We have had several requests for a sticky on AMD's yet to be released Piledriver architecture ... so here it is.

I want to make a few things clear though.

Post a question relevant to the topic, or information about the topic, or it will be deleted.

Post any negative personal comments about another user ... and they will be deleted.

Post flame baiting comments about the blue, red and green team and they will be deleted.

Enjoy ...
 
90% Of the reviews I saw shows 1100t over the 980, only one or a couple of games by the most show better fps with the 980. About PD it really seems like a good improve, I hope the 8350 is not priced beyond $250
Watch them price it at $300+... The 8150 was worse off, but they still priced it at $250 or so.
 
Sweet.

I bought FarCry 2 for like $5 ... man what a rubbish game.

I seem to spend so much time sleeping in a shack and my AK-47 is about as reliable as an Ivy-Bridge overclock.

I threw it away.

Wow $5, I wouldn't have paid that much for FC2 :lol: The only decent part about the whole game is the editor but that quickly wears off.
That game is worth like $0.02 at best.
 
Is that representative across the board, or the two best results?

I'd say it's a best case scenario, since that particular bench is usually used to show "single core performance" and "how nice is the turbo boost in CPUs", haha.

Across the board, we'll have to balance loads and stuff, so that 15% will not be 15% when all the modules/cores are taxed equally.

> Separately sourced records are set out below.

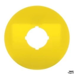Tabliczka opisowa o średnicy 70 mm do zatrzymania awaryjnego. tekst na żółtym plastiku bez tekstu
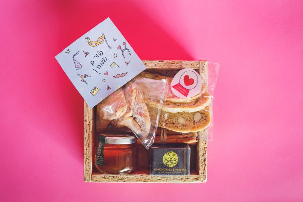 משלוח מנות הכולל דבש 60 גרם, 2 קובית תה, מקלות קינמון, 2 אוזני הזמן ועוגיות ביסקוטי.
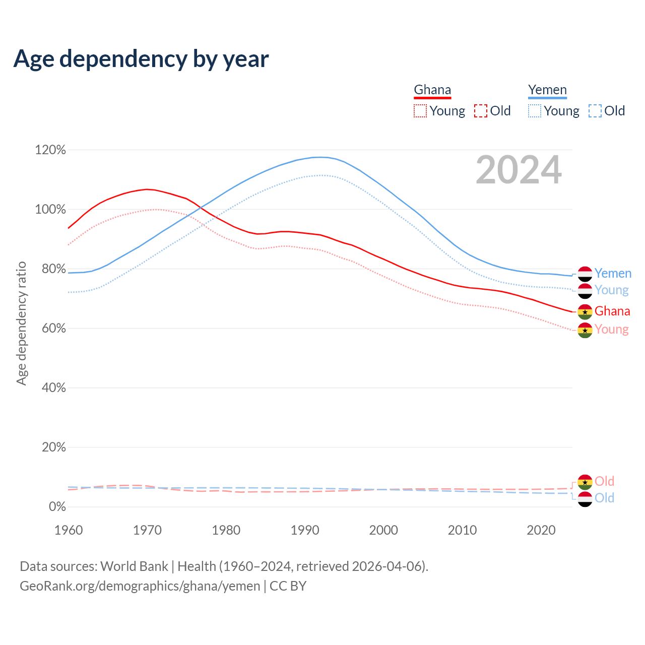 - The share of old-age demographic (65+) in Ghana is 3.71% vs 2.52% in Yemen.

Maybe something along the lines of 7-10% across is more feasible.

Still an improvement on BD indeed. I'm still wondering how far this thing will OC with no GPU on it... If what AMD told Chris is partially true (4.8Ghz on air), then we should see something similar with PD or a tad better.

Cheers!

EDIT: Typos.
 
I don't know. Looking at those benchies I'm really not happy. 3.8GHz vs 2.9? You're talking about a ~33% advantage in clock speed alone. And considering it was clocked so much faster it wasn't faster by much. Temps were also pointed out but isn't Llano 40nm? I am really not happy with where AMD is taking "my" company.
 
I don't know. Looking at those benchies I'm really not happy. 3.8GHz vs 2.9? You're talking about a ~33% advantage in clock speed alone. And considering it was clocked so much faster it wasn't faster by much. Temps were also pointed out but isn't Llano 40nm? I am really not happy with where AMD is taking "my" company.
Llano was 32nm. Same process as Trinity.

If Trinity was 3Thz and performed 'only' 300% faster than the 3770k in everything while using the same amount of power, would you say it sucked?
 
Why is anyone surprised that the PD cores require higher clocks to achieve similar performance to K10? We already knew that BD was designed for high clocks. The fact that they are able to fit the higher clocks into the same TDP on the same process is impressive to me. Even if it doesn't increase performance as high as clocking Stars to that level would theoretically deliver.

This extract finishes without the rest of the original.